The G Class are a class of diesel locomotive built by Clyde Engineering, Rosewater and Somerton for V/Line between 1984 and 1989.

==History==
By the early 1980s, the first generation diesels purchased by the Victorian Railways were nearly 30 years old, with an average fleet age of 20 years. In addition, 70% of the fleet was of 1,000 horsepower or less, a consequence of the historically large number of branch lines in the state.

Rationalisation of the rail freight task had also been carried out, with small freight consignments being consolidated to 'freight centres' from 1976. Moves had also been made towards the operation of block trains carrying a single commodity, rather than trains carrying a wider variety of freight. Grain became the major commodity carried by rail in Victoria, with the consulting arm of Canadian National commissioned by VicRail in 1983 to find ways of improving efficiency. Recommendations carried out included increasing train sizes to 50 bogie wagons and closing a number of branch lines.

===Delivery===
At the same time Australian National had placed an order with Clyde Engineering, Rosewater for 10 BL class locomotives, with an option for a further five. VicRail's chairman Alan Reiher, stepped in and negotiated for the five to be completed for the newly formed V/Line. The new diesels had a much higher axle load than the smaller T and Y class diesels used on branch lines, with these lines either being upgraded to carry heavier trains or closed. These were all delivered in late 1984.

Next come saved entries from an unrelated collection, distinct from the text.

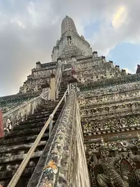 • Famous for its central prang, about 82 meters tall, decorated with colorful glazed tiles and seashells
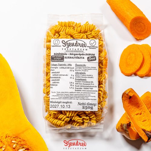 Durum Szendrei Sütőtökös - Sárgarépás Orsó Száraztészta 250gr. - 30% zöldségtartalommal
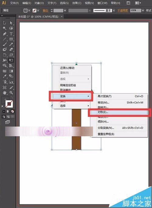 4、我们将鼠标放在图形上,单击鼠标右键,我们可以找到变换,然后在变换的子菜单中找到对称,如下图所示。
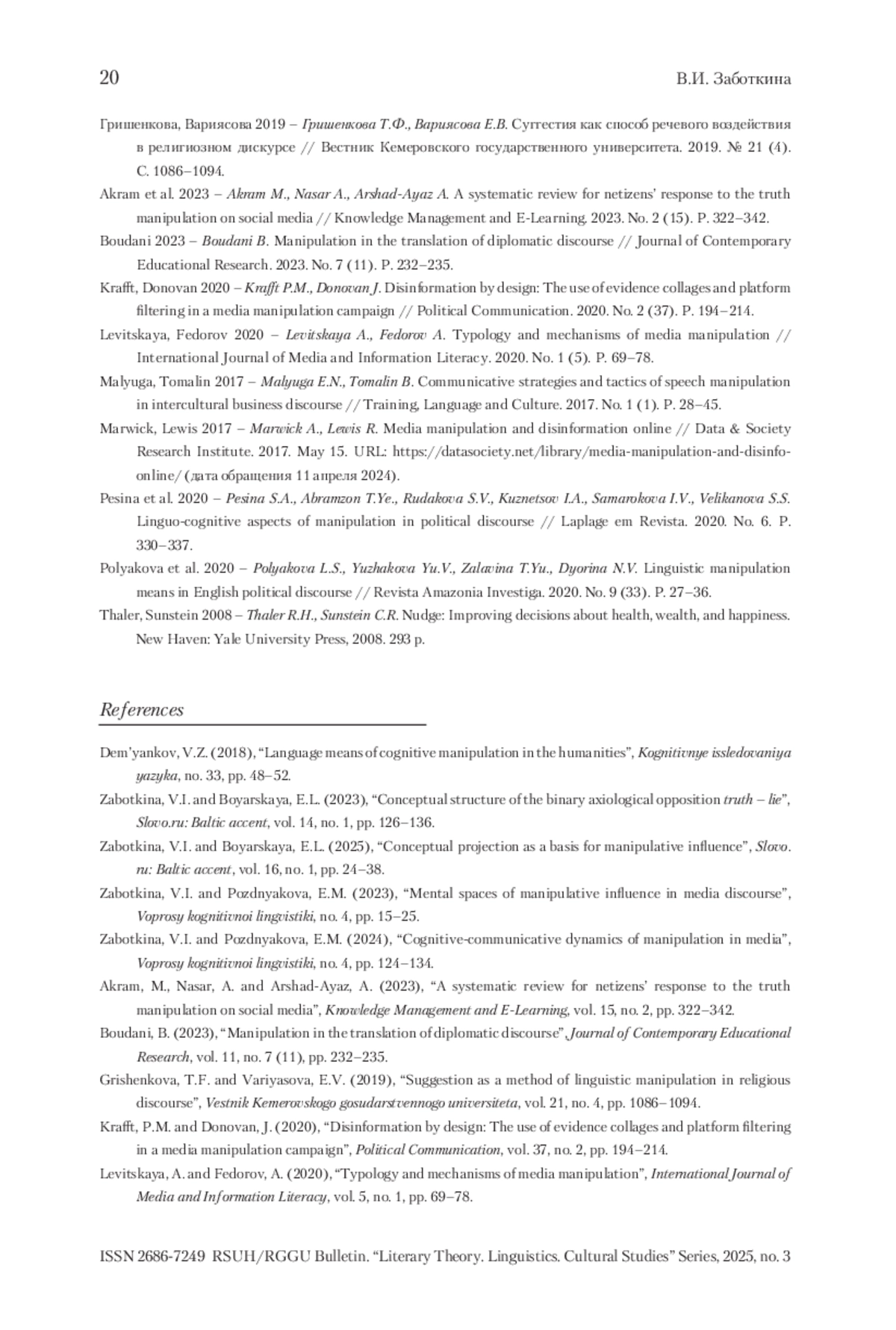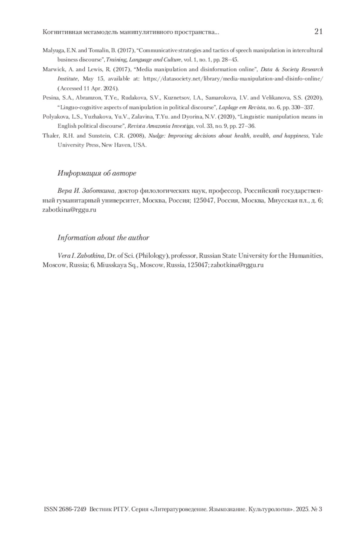 3. Заботкина, Боярская 2025 - Заботкина В.И., Боярская Е.Л. Концептуальное проецирование как основа манипулятивного воздействия // Слово.ру: балтийский акцент. 2025. Т. 16. № 1. С. 24-38.
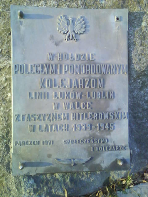 Tablica na dworcu PKP w Parczewie ku pamięci poległym i pomordowanym kolejarzom linii Łuków - Lublin w walce z faszyzmem hitlerowskim w latach 1939 - 1945.
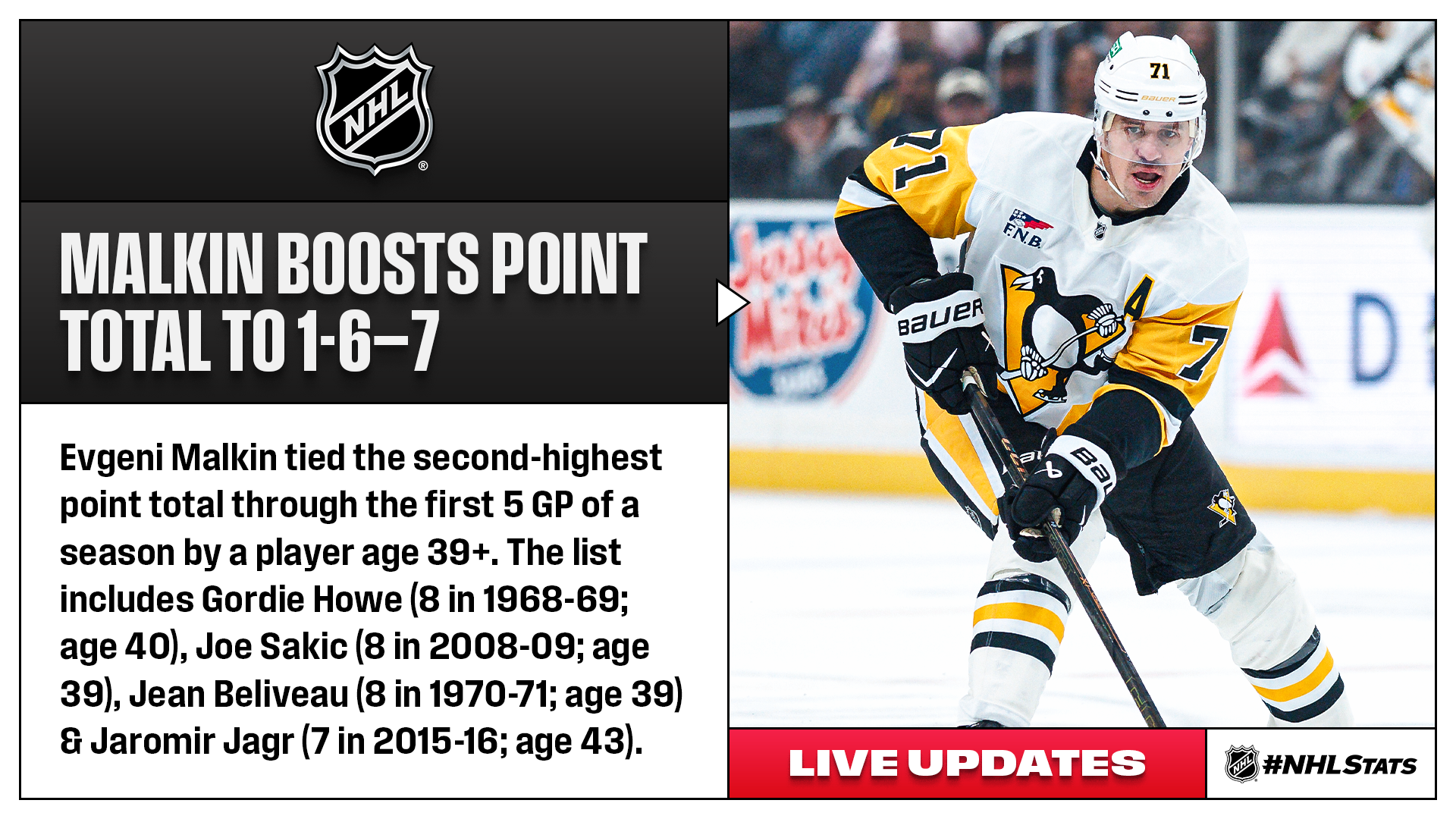 Thursday’s edition of #NHLStats Live Updates included notes on Bo Horvat’s natural hat trick; the Devils improving to 7-0-0 when Jack Hughes, Nico Hischier and Timo Meier all score; Seth Jarvis (2-1—3) helping the Hurricanes remain perfect; and Evgeni Malkin and Sidney Crosby finding the back of the net while skating in their 1,070th regular-season game together, which moved them into sixth in NHL history for most by a pair of teammates.
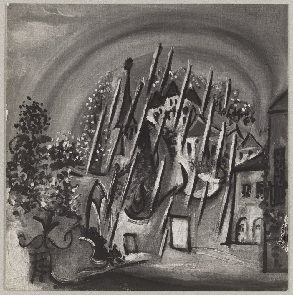 Huile sur toile "Boisgeloup sous la pluie et l'arc en ciel" de 1931, atelier de Boisgeloup, Gisors, ou de la rue de la Boétie, Paris, en 1934
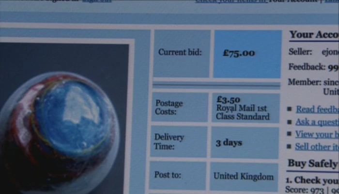 At lunch, Linda fills in some of the missing pieces of Eugene's last weeks. A few weeks before, Eugene was depressed. When Linda came into work one day after an argument with her boyfriend, Eugene agreed to help her move to Australia to start a new life. He told Linda he would sell his alien artefact. When he brought the eye to his office, a few of his friends laughed; ignoring them, though, he still placed it on eBay. The price soon climbed to £15,005.50. Gwen's phone rings. It is Eugene's mother asking Gwen to come by. She thanks Linda and leaves.

A second order was placed for ten further units that were more tailored to V/Line's requirements. The first five were built with standard gauge bogies being delivered via Sydney. Over the next few years, members of the second batch would frequently swap gauges as needs dictated. In July 1986, through running without changing locomotives at Albury began with G class locomotives operating through to Sydney. Two further contracts for eleven and seven broad gauge units had brought the fleet up to 33 by November 1989. The first 15 were built at Clyde Engineering's, Rosewater factory with the balance built at Somerton.

Although primarily intended for hauling freight services, they were also used on passenger trains such as the Intercapital Daylight and Sydney/Melbourne Express. They rarely hauled broad gauge passenger trains.

===National Rail===
When National Rail commenced operating interstate services in the mid-1990s, seven (517–520, 522, 523 & 525) were leased by V/Line pending the delivery of the NR class.

The class were also used on the first privately operated train on government tracks in Australia, operated by SCT Logistics with V/Line locomotives and crews between Melbourne and Adelaide on 13 July 1995. This was extended through to Perth from October 2000.

===Freight Australia===
All 33 were included in the sale of V/Line Freight to Freight Victoria in March 1999. On 26 November 1999, G517 and G518 were destroyed in a head-on collision at Ararat when an eastbound grain train collided with a stationary ballast train at 70 km/h.

Freight Australia commenced a program of engine upgrades purchasing new, more powerful EMD 16-645F3B engines for some of the G class, with the old engines being used to repower X class locomotives, later recoded the XR class. The upgraded G classes were G523, G526, G529, G530, G531, G536, G541 and G543. These locos now have a power output of 3,800 hp (2795 kW).

In the early 2000s, Freight Australia was contracted to move freight between Melbourne and Sydney for CRT Group. The contract contained a clause that if Freight Australia was acquired by a competitor of CRT Group, 10000 hp of locomotive power (calculated by the business CRT Group was offering Freight Australia) was to be transferred to CRT Group. As a result, when Freight Australia was acquired by Pacific National in 2004, G516 & G534 were handed over to Linx Cargo, while 2 X class locomotives went to CRT Group, and later to Linx Cargo.

A condition imposed by the Australian Competition & Consumer Commission on Toll Holdings taking control of Pacific National was that nine locomotives be sold to SCT Logistics. This resulted in nine G class passing to SCT Logistics in February 2007.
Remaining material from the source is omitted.